Sebagai pemilik Reynur Event Organizer yang berbasis di Bandung, Jawa Barat, Augie menyatakan bahwa kenaikan PPN dapat berdampak negatif terhadap pendapatan perusahaan. Ia menambahkan bahwa dampak tersebut bisa berujung pada penurunan gaji karyawan, yang tentunya akan mempengaruhi stabilitas ekonomi perusahaan dan kesejahteraan pekerja.

“Misalnya, anggaran per acara itu Rp 2 miliar dan sudah termasuk pajak. Lalu acara diselenggarakan per akhir pekan alias empat kali sebulan. PPN jadi 12% itu membuat selisih pendapatan dalam satu bulan mencapai Rp 64 juta,” katar Augie, Jumat (15/11/2024).

Uang sebesar itu, kata Augie, bisa untuk menggaji delapan sampai 12 orang karyawan.

Perhitungan kasar Augie itu padahal belum mempertimbangkan kemungkinan kenaikan biaya produksi per acara.

Meskipun bidang jasa seni dan hiburan termasuk dalam kategori yang dikecualikan dari PPN, Augie menjelaskan bahwa banyak klien yang menggunakan layanan event organizer mereka berasal dari instansi pemerintah. Dengan demikian, kenaikan PPN tetap berpotensi mempengaruhi struktur biaya yang harus ditanggung oleh perusahaannya.

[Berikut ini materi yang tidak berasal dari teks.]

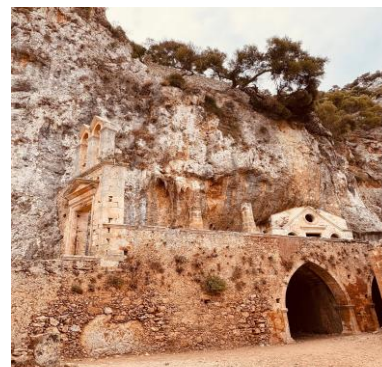
Monasteri di Katholikò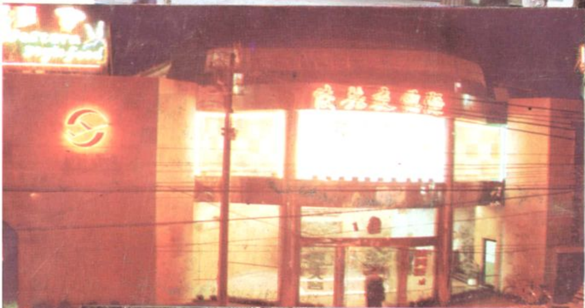
右：岳阳市电影公司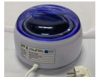
PANELA DE CERA 400GR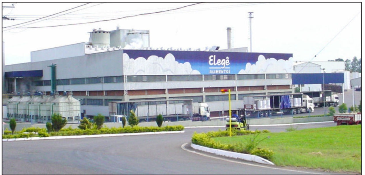
Empresas, com a Elegê, garantem bons índices para o Município

Em 2009, volume exportado foi muito superior ao do ano passado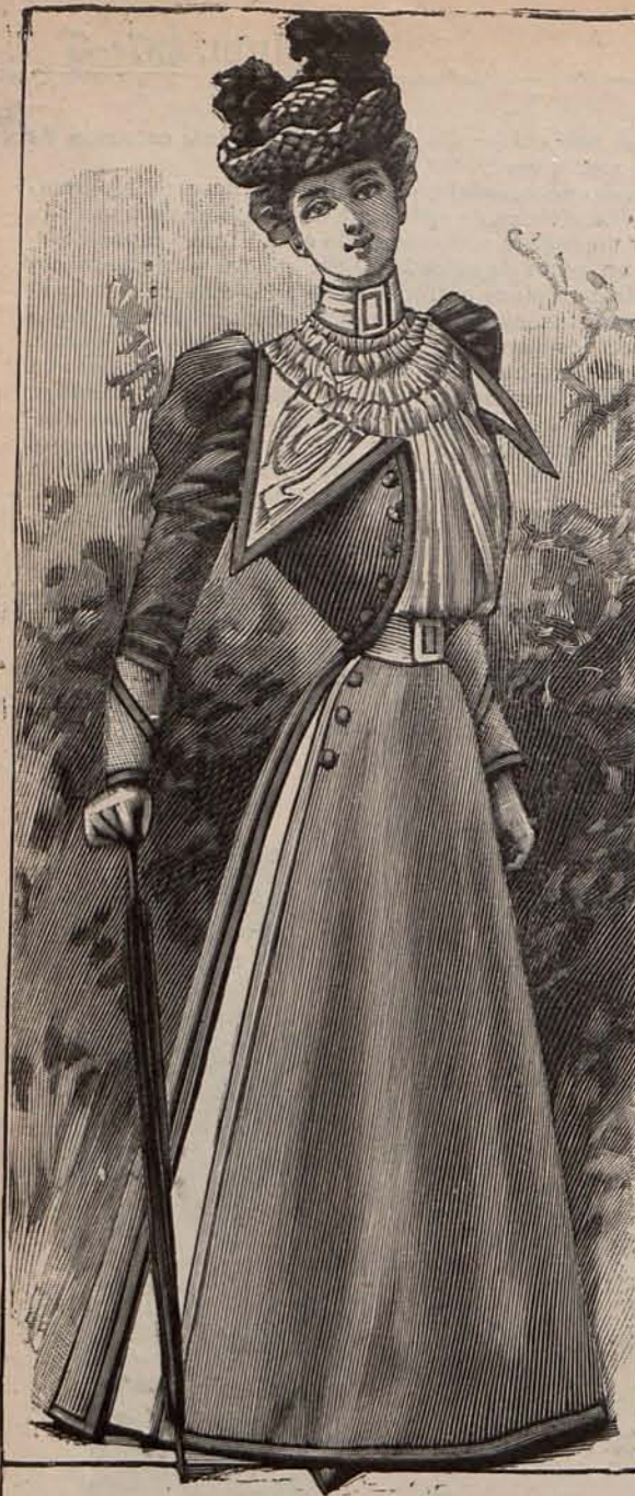
Núm. 18.—Traje para paseo.

gran ramo de margaritas y follaje. Sombri- lla de seda verde agua. Precio del patrón de la esclavina: 1,50 pesetas.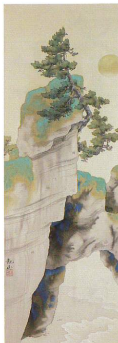
下村観山《海辺松》 小林古径記念美術館蔵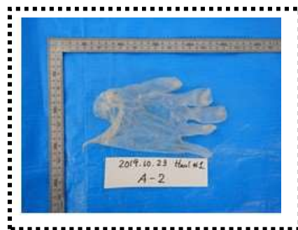
曳網番号 No. KG1023 2

“[Sehingga] kalau transaksi sama mereka, harus PKP [Pengusaha Kena Pajak]. Jadi, kena PPN dan PPh [Pajak penghasilan]. PPh artis juga besar buat acara, dan [kadang dibebankan] event organizer,” ujarnya.

Augie mengakui bahwa perspektif yang ia sampaikan berasal dari sudut pandang seorang pebisnis.Ia menjelaskan bahwa penurunan pendapatan perusahaan akibat kenaikan PPN dapat berimbas pada berbagai aspek, termasuk penurunan fasilitas dan tunjangan atau bonus yang diterima oleh karyawan. 

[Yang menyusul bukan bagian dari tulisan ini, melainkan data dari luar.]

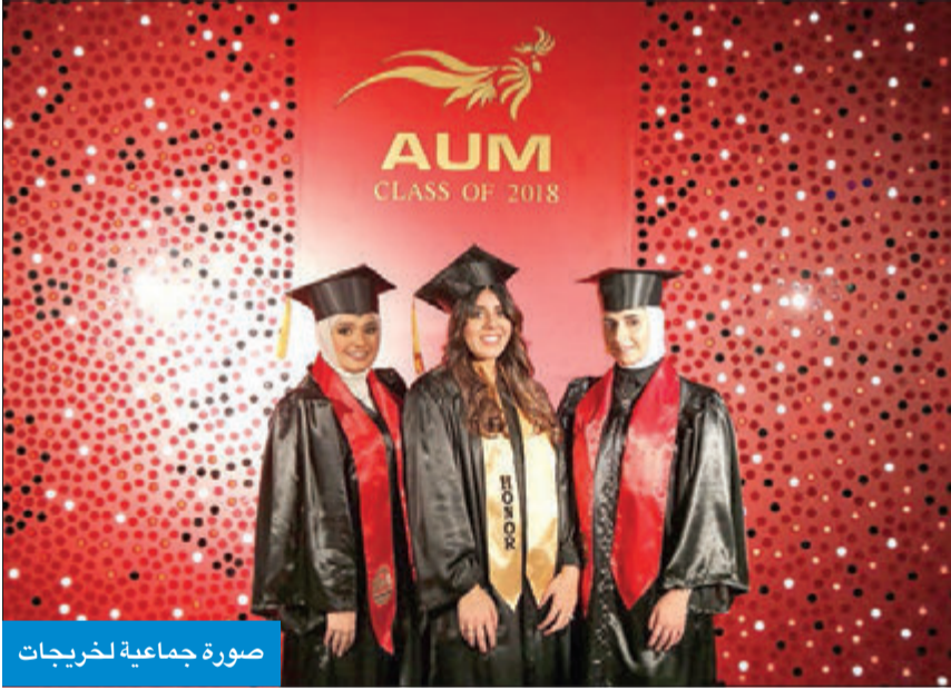
صورة جماعية لخريجات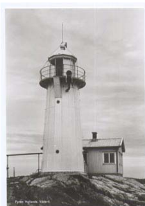
Bild 9. Nyare vykort. Fyren har fått ett till byggt maskinhus med vaktrum och tyfon på tornet.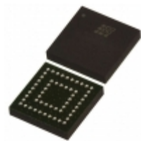
LC4064ZC-5M56C Lattice Semiconductor Corporation IC CPLD 64MC 5NS 56CSBGA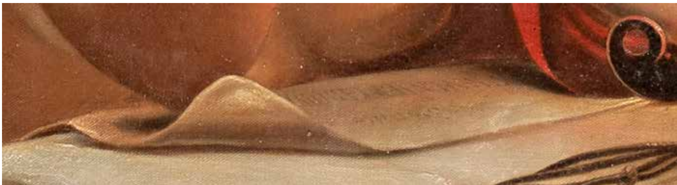
Signatūra „M. W. NIEWIAROWI(CZ)“

drobės užlankos ir priklijuotos „Cekol 700“ klėjais. Paveikslo tapybinis sluoksnis sutvirtintas baltymiais klėjais. Nevaizdinė pusė sutvirtinta supurškiant „Klucel G“ spirito ir distiliuoto vandens tirpalu. Porėmis nuvalytas, dezinfekuotas ir impregnuotas mikrokristaliniu vašku „Cosmoloid H80“. Paveikslas užtemptas ant taip paruošto senojo porėmio. Ankstesnis patamsėjęs retušas paveikslo paviršiuje nuvalytas etilo alkoholiu vatos tamponėliais. Restauraciniu gruntu gruntuoti tapybinio sluoksnio praradimai. Senas lako sluoksnis suplonintas etilo alkoholio, acetono ar etilo alkoholio ir pineno mišiniais. Lako sluoksniui tolygiai suplonėjus, išryškėjo subtilus šiltų ir šaltų spalvų santykis, kuris buvo prislopintas ir suniveluotas pageltusio seno lako. Labiau išryškėjo apimty, erdvės gylis, spalvų sodrumas. Gruntuotos paveikslo vietos retušuotos akvarele. Paveikslas nulakuotas damaros laku.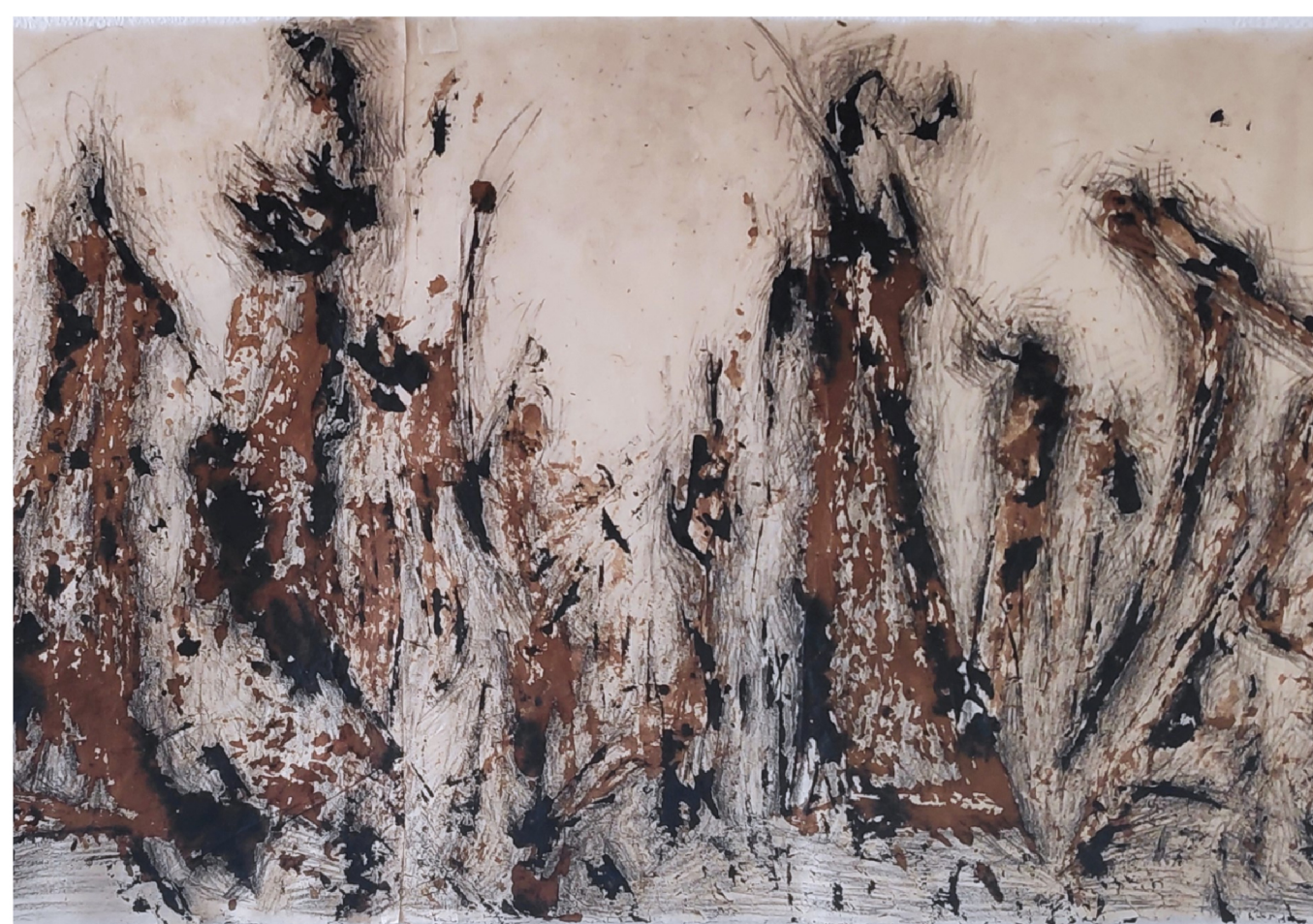
© Satabdi Hati - Forest series, 50x140cm

“Bahkan bisa jadi saya memilih memutuskan hubungan kerja agar karyawan yang bertahan tidak perlu turun pendapatannya,” tambah Augie.

Di Kerobokan, Bali, pemilik penyedia jasa makanan sehat Nimas Utama juga menyatakan kekhawatirannya terkait kenaikan PPN. Meskipun bisnisnya termasuk dalam kategori yang dikecualikan dari PPN, Nimas yakin bahwa usahanya tetap akan terdampak. 

“Pada akhirnya [kenaikan PPN] akan mempengaruhi daya beli masyarakat. Setelah pandemi Covid pun, kemampuan ekonomi masyarakat untuk membeli sesuatu sudah jauh menurun. Pastinya itu akan merambah ke kemampuan kita untuk menjual barang,” tutur Nimas.